EXERCISE AIM - Nothing but the lines from the first line of the records through the line with "This year is" should be output, exactly as written and free of pictures.

[Items from a data source]

= = = = =

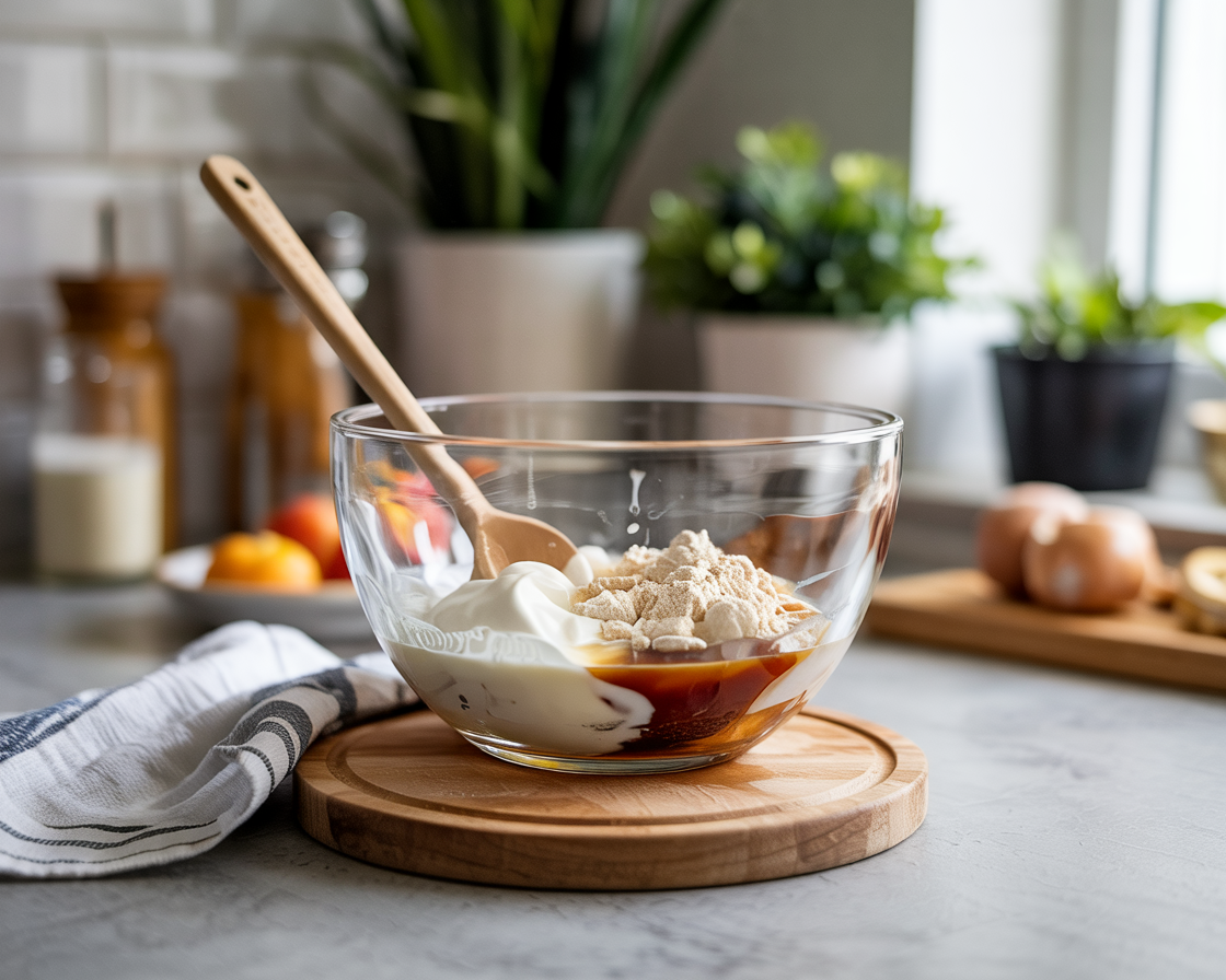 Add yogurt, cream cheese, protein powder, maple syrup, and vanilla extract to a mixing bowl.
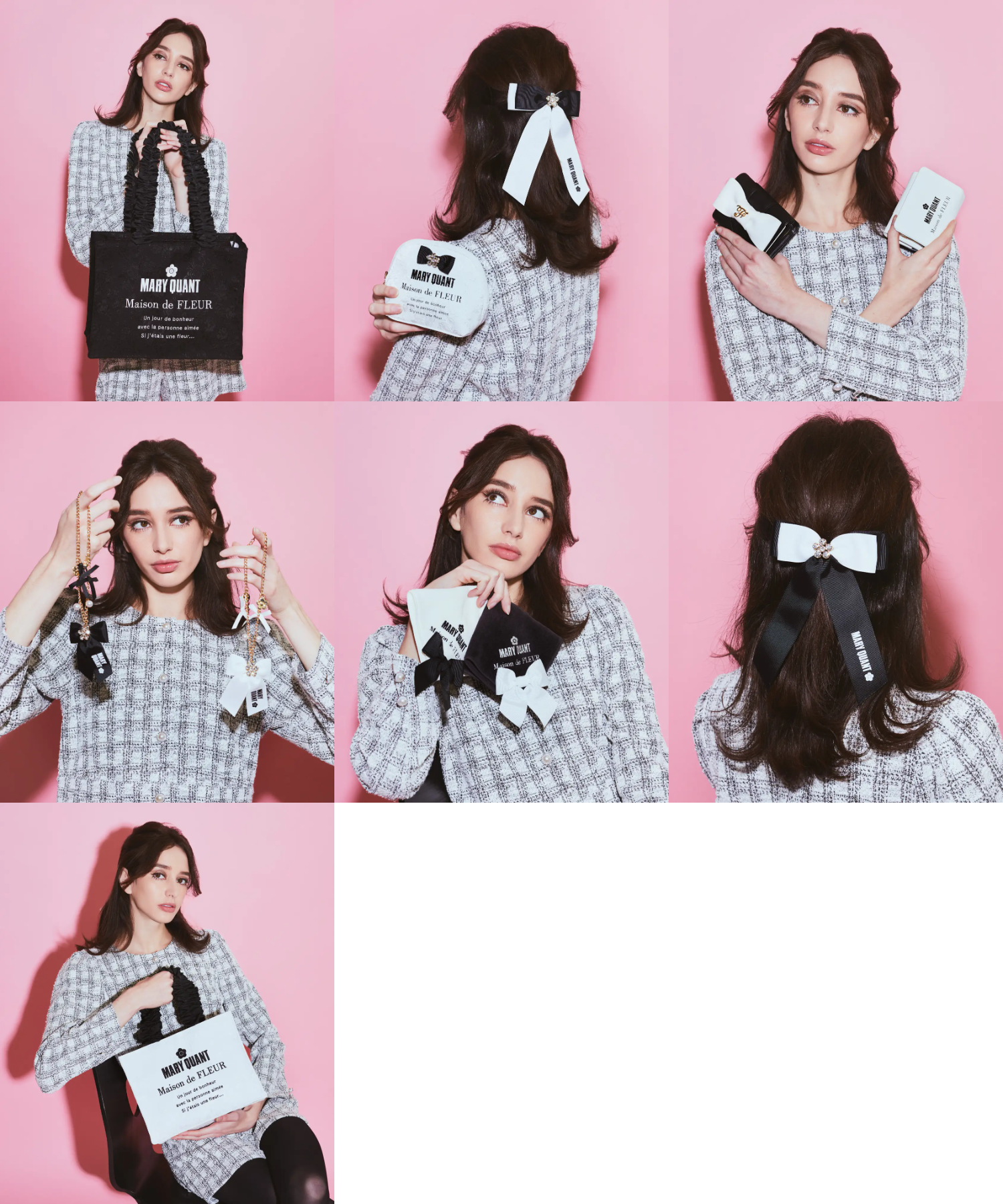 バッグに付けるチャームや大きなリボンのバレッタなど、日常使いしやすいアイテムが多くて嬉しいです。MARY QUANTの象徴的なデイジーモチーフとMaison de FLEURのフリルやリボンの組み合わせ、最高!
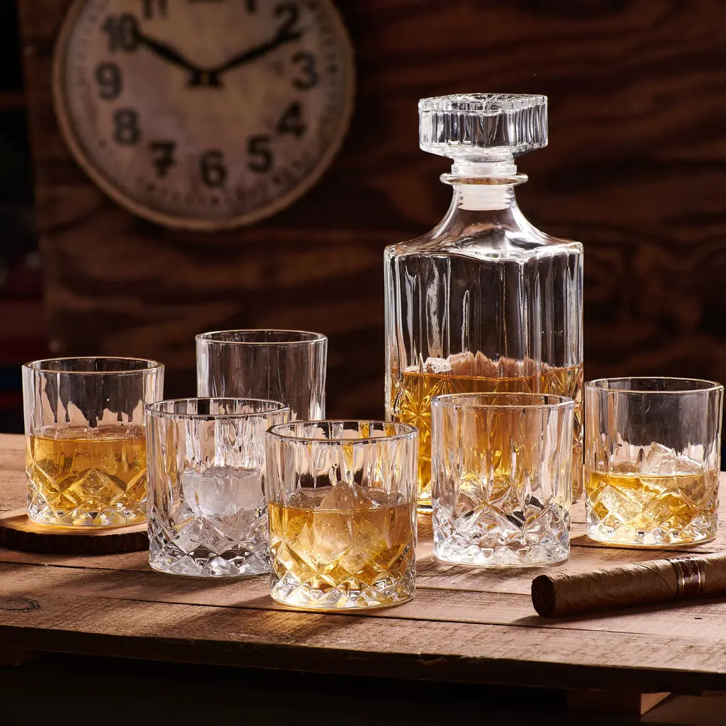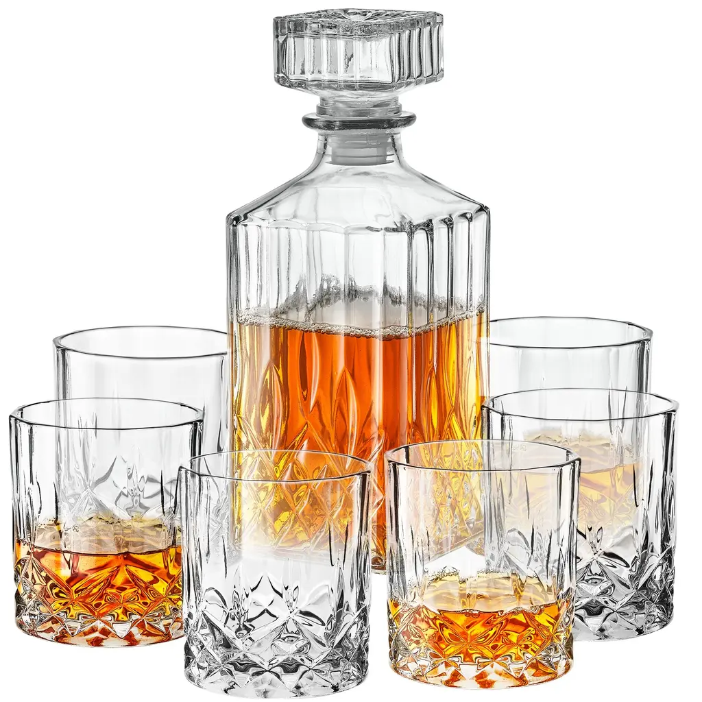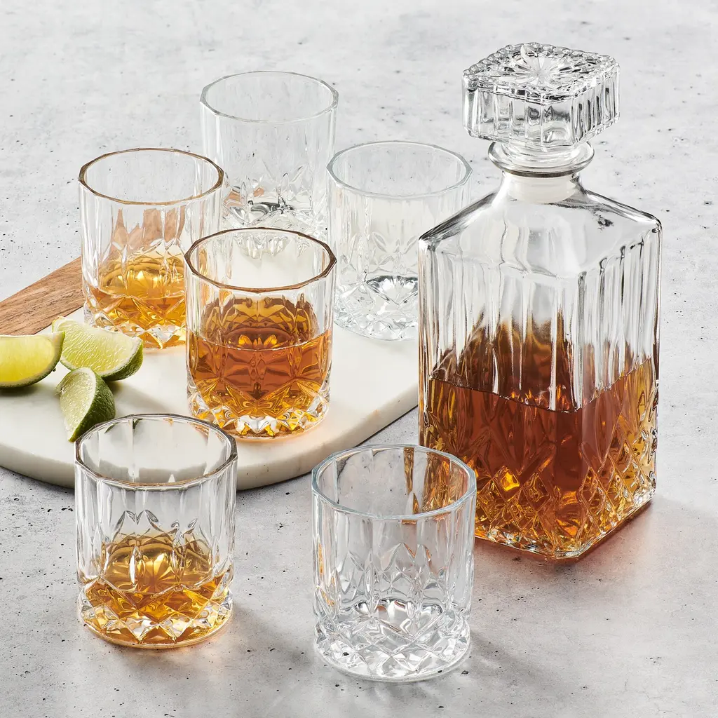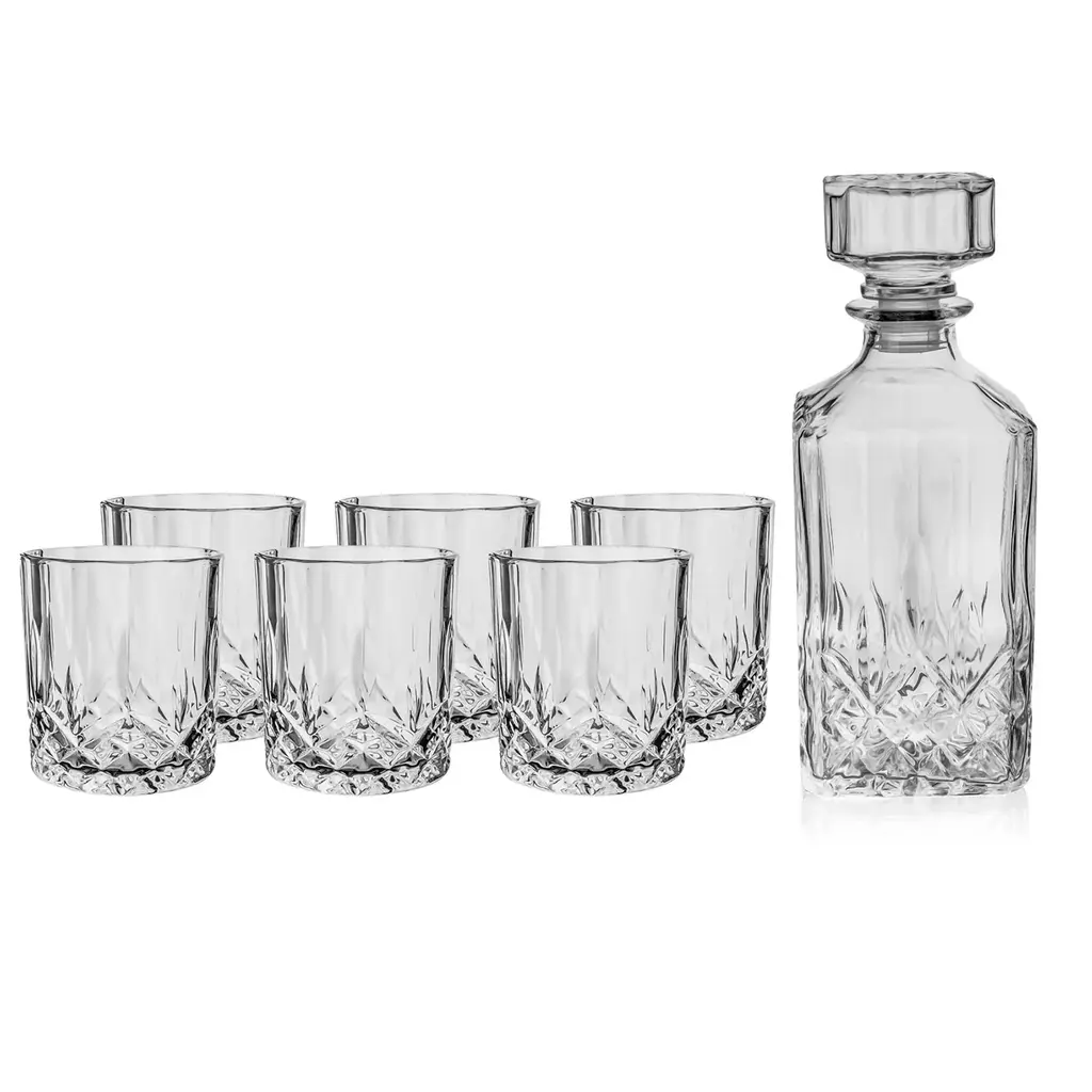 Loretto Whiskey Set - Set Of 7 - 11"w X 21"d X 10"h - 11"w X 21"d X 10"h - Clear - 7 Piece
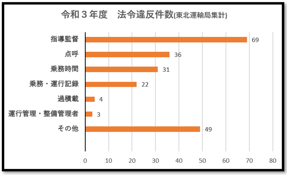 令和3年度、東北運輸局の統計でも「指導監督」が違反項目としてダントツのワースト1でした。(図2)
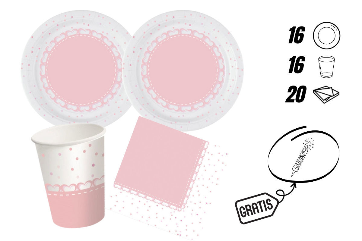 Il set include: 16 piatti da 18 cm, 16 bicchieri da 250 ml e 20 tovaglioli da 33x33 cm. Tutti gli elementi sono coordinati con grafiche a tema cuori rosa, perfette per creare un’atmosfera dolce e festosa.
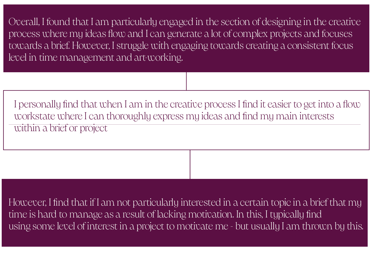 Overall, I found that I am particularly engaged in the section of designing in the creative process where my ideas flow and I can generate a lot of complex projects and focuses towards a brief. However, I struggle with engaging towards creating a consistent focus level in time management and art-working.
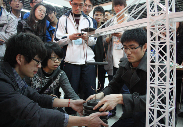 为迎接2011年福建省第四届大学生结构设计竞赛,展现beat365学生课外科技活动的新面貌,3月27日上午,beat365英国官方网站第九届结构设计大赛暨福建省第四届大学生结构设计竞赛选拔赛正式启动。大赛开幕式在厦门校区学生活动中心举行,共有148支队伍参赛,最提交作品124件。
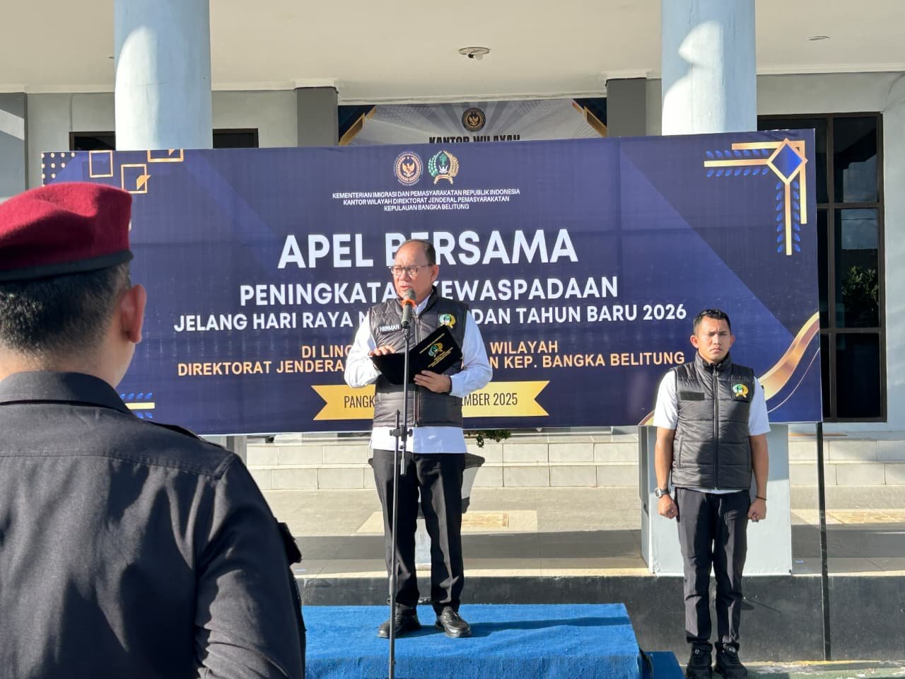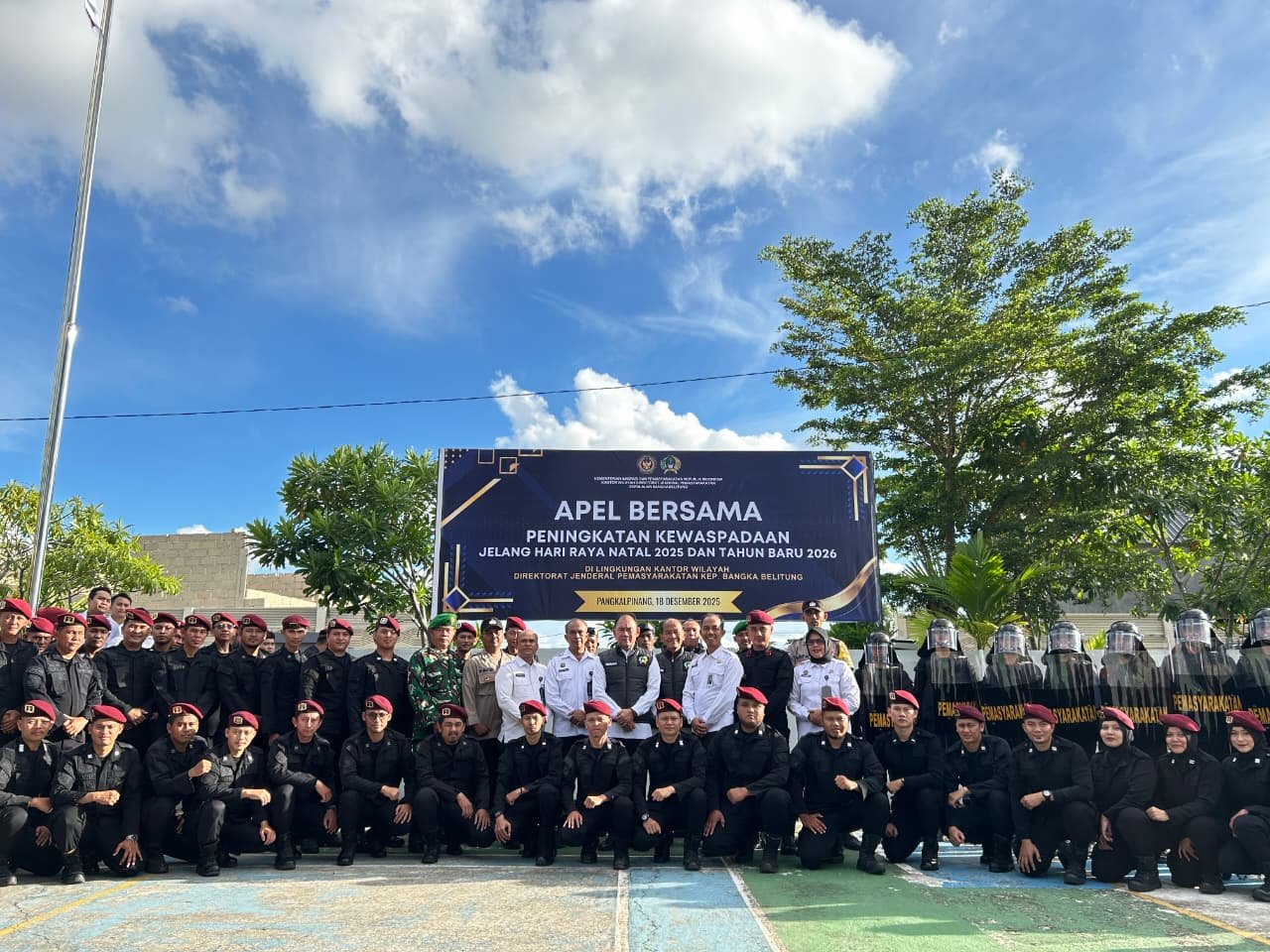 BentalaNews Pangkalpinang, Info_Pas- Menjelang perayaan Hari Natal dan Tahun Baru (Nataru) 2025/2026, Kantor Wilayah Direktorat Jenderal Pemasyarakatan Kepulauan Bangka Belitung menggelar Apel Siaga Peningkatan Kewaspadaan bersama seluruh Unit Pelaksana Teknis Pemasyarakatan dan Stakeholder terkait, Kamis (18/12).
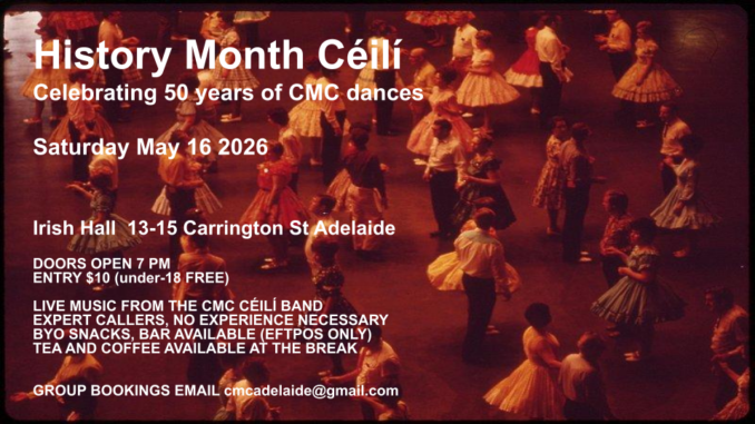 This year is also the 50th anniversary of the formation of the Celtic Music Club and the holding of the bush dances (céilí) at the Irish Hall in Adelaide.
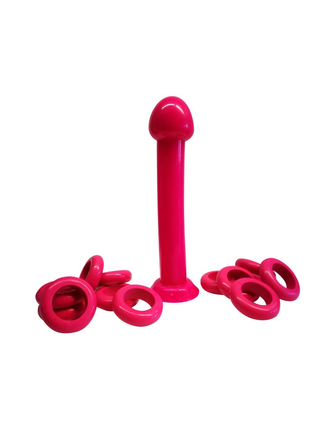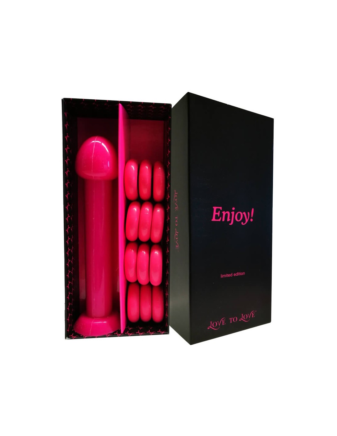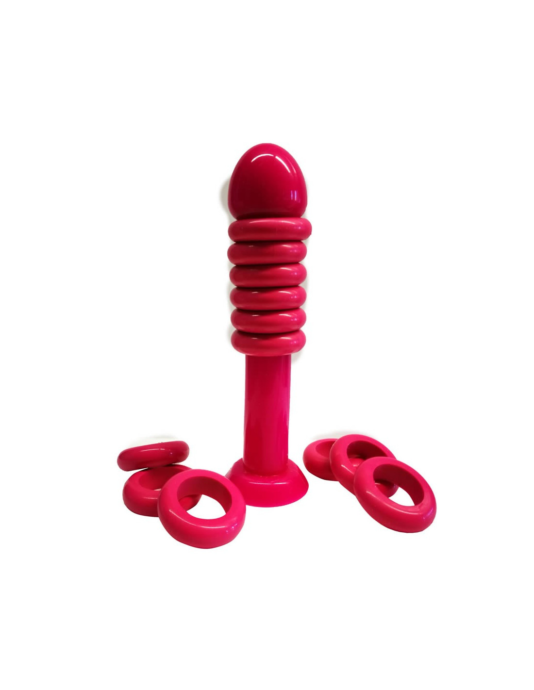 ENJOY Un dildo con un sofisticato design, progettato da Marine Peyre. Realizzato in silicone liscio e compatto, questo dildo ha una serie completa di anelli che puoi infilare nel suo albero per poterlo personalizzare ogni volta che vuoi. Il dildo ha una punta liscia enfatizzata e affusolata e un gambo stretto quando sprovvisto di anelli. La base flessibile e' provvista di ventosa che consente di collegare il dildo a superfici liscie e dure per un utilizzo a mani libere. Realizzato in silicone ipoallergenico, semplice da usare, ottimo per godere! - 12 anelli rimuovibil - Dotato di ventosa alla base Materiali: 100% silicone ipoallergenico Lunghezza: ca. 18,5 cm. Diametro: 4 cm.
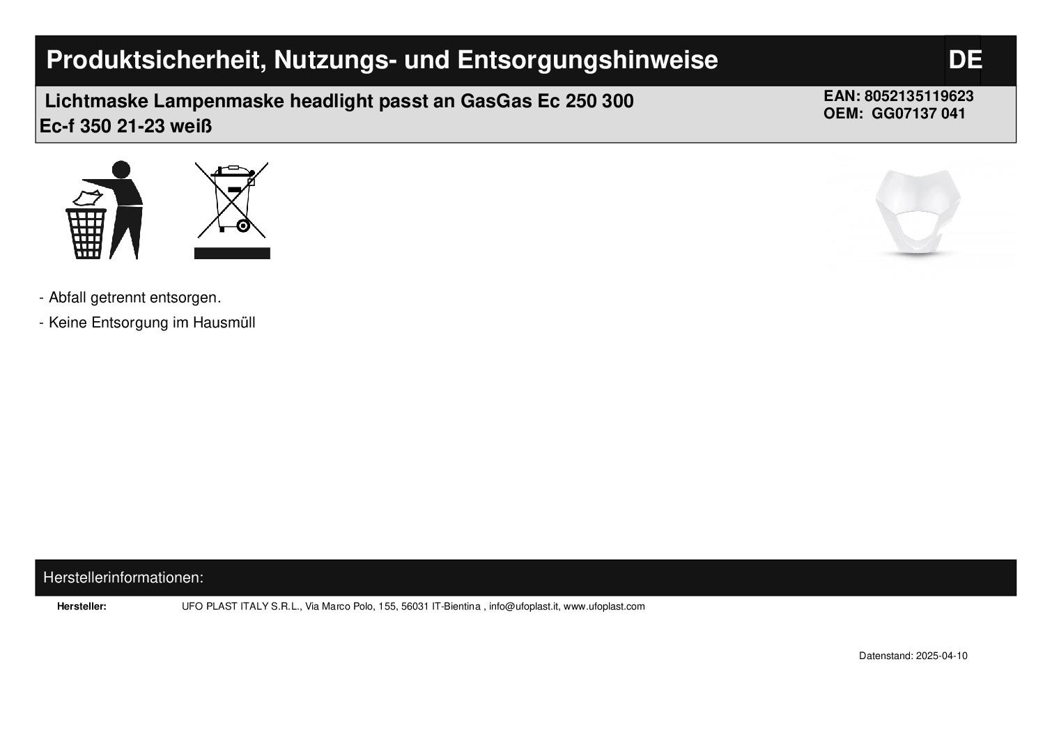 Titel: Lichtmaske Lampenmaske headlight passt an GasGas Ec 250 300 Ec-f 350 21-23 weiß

= = = = =

RESULT OF THE TASK -
 Add yogurt, cream cheese, protein powder, maple syrup, and vanilla extract to a mixing bowl.
 バッグに付けるチャームや大きなリボンのバレッタなど、日常使いしやすいアイテムが多くて嬉しいです。MARY QUANTの象徴的なデイジーモチーフとMaison de FLEURのフリルやリボンの組み合わせ、最高!
 Loretto Whiskey Set - Set Of 7 - 11"w X 21"d X 10"h - 11"w X 21"d X 10"h - Clear - 7 Piece
 令和3年度、東北運輸局の統計でも「指導監督」が違反項目としてダントツのワースト1でした。(図2)
 Il set include: 16 piatti da 18 cm, 16 bicchieri da 250 ml e 20 tovaglioli da 33x33 cm. Tutti gli elementi sono coordinati con grafiche a tema cuori rosa, perfette per creare un’atmosfera dolce e festosa.
 Overall, I found that I am particularly engaged in the section of designing in the creative process where my ideas flow and I can generate a lot of complex projects and focuses towards a brief. However, I struggle with engaging towards creating a consistent focus level in time management and art-working.
 为迎接2011年福建省第四届大学生结构设计竞赛,展现beat365学生课外科技活动的新面貌,3月27日上午,beat365英国官方网站第九届结构设计大赛暨福建省第四届大学生结构设计竞赛选拔赛正式启动。大赛开幕式在厦门校区学生活动中心举行,共有148支队伍参赛,最提交作品124件。
 BentalaNews Pangkalpinang, Info_Pas- Menjelang perayaan Hari Natal dan Tahun Baru (Nataru) 2025/2026, Kantor Wilayah Direktorat Jenderal Pemasyarakatan Kepulauan Bangka Belitung menggelar Apel Siaga Peningkatan Kewaspadaan bersama seluruh Unit Pelaksana Teknis Pemasyarakatan dan Stakeholder terkait, Kamis (18/12).
 This year is also the 50th anniversary of the formation of the Celtic Music Club and the holding of the bush dances (céilí) at the Irish Hall in Adelaide.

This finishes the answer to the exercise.